You might also conclude that such complex scenarios might be poor choices for a key, and use a simpler, more predictable key instead. In particular you want the "hash" to be based on some immutable facet of the type, and the "hash" and "equals" must be compatible. These nuances are very hard to guarantee if the type isn't sealed.

因为看清所以看轻 2024-09-05 13:04:39

可继承类几乎不应该实现 IEquatable。对于任何类型 T,每个实现 IEquatable的对象都应该这样做,以便 IEquatable.Equals 的语义匹配是Object.Equals的。如果一个类为某些 Foo 实现了 IEquatable,并且派生类更改了 Object.Equals 的语义,但不重新实现 < code>IEquatable.Equals,后者的语义与前者匹配的唯一方法是接口实现简单地调用虚拟 Object.Equals 本身;如果接口只是将其参数传递给Object.Equals,那么实现它没有任何好处。

Inheritable classes should almost never implement IEquatable<T>. For any type T, every object which implements IEquatable<T> should do so such that the semantics of IEquatable<T>.Equals will match that of Object.Equals.

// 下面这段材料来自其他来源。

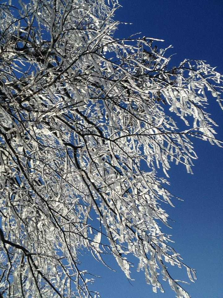 Những cành cây khẳng khiu phủ đầy băng tuyết trắng xóa. Ảnh: Mực tím
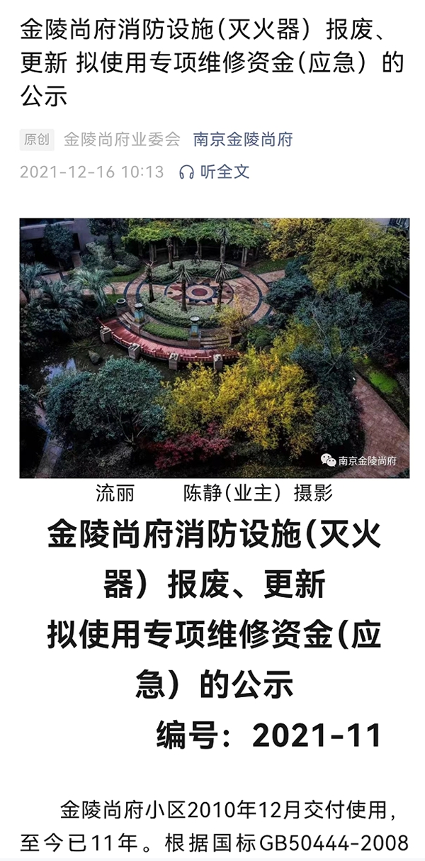 上图信息为南京一小区拟使用专项维修资金对报废的灭火器进行更新
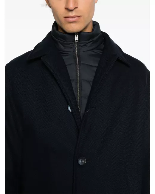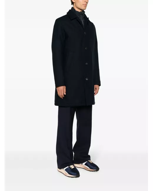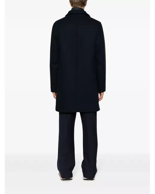 navy blue virgin wool layered design classic collar front button fastening long sleeves two side inset pockets mid-length straight hem
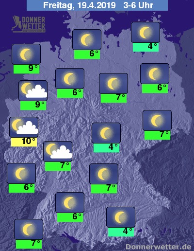 Bis zu den Frühstunden kühlt die Luft auf 4 bis 7 Grad ab, stellenweise kann es aber noch zu leichtem Bodenfrost kommen. Im Westen und Nordwesten bleibt es mit 8 bis 10 Grad milder.
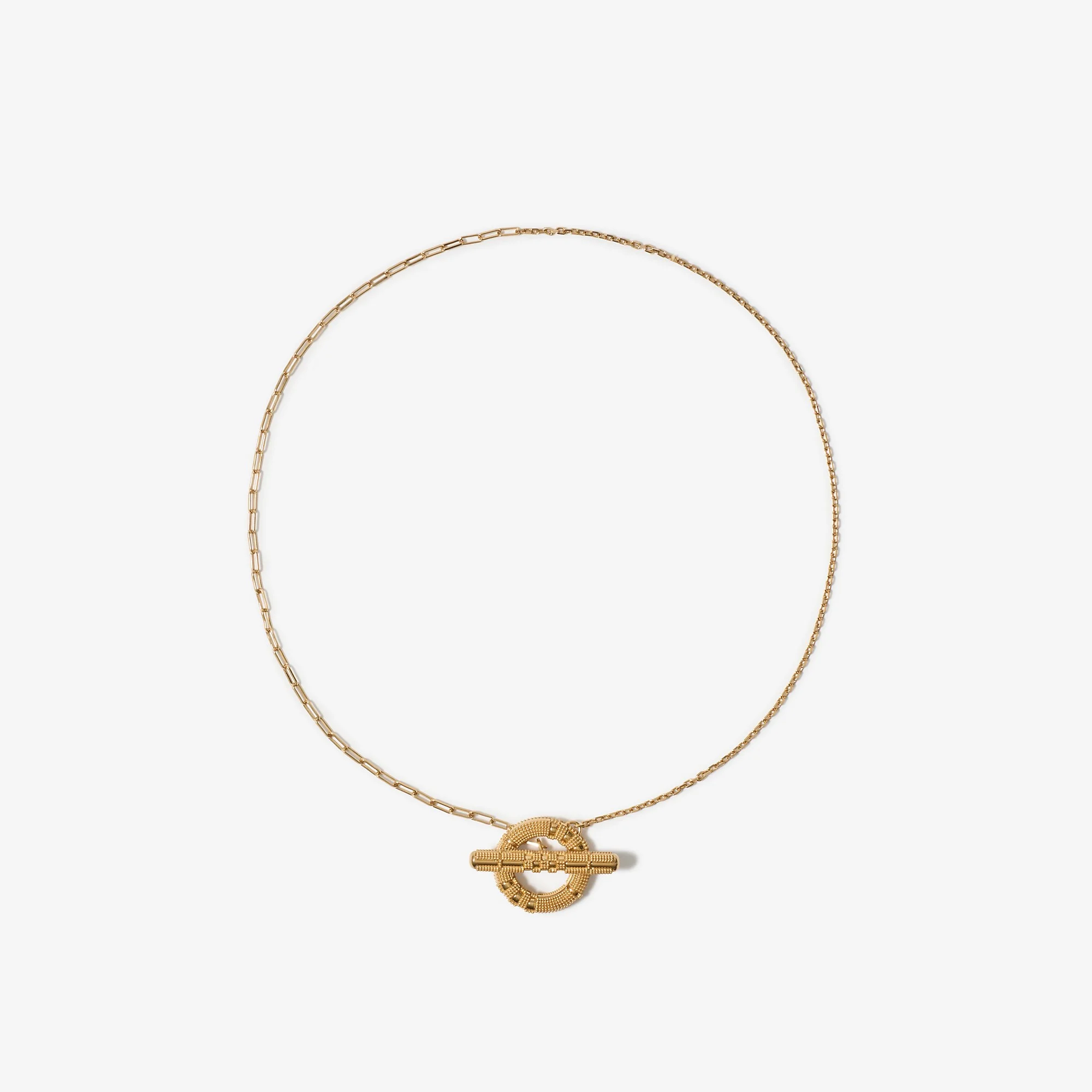 Product Details A gold-plated necklace crafted in Italy with chain links in contrasting sizes. Inspired by the ancient granulation technique, tiny spheres of metal are intricately soldered onto the medallion and T-bar fastening to form a tactile check pattern. - Engraved Burberry lettering at T-bar - Comes with a dust bag - Item 81202331 Size & Fit - Length: 52cm/20.5in Fabric & Care - 100% brass with gold plating - Made in Italy

If a class implements IEquatable<Foo> for some Foo and a derived class changes the semantics of Object.Equals but does not re-implement IEquatable<Foo>.Equals, the only way the semantics of the latter will match the former will be if the interface implementation simply calls the virtual Object.Equals itself; if the interface is simply going to pass its argument to Object.Equals, there is no benefit to implementing it.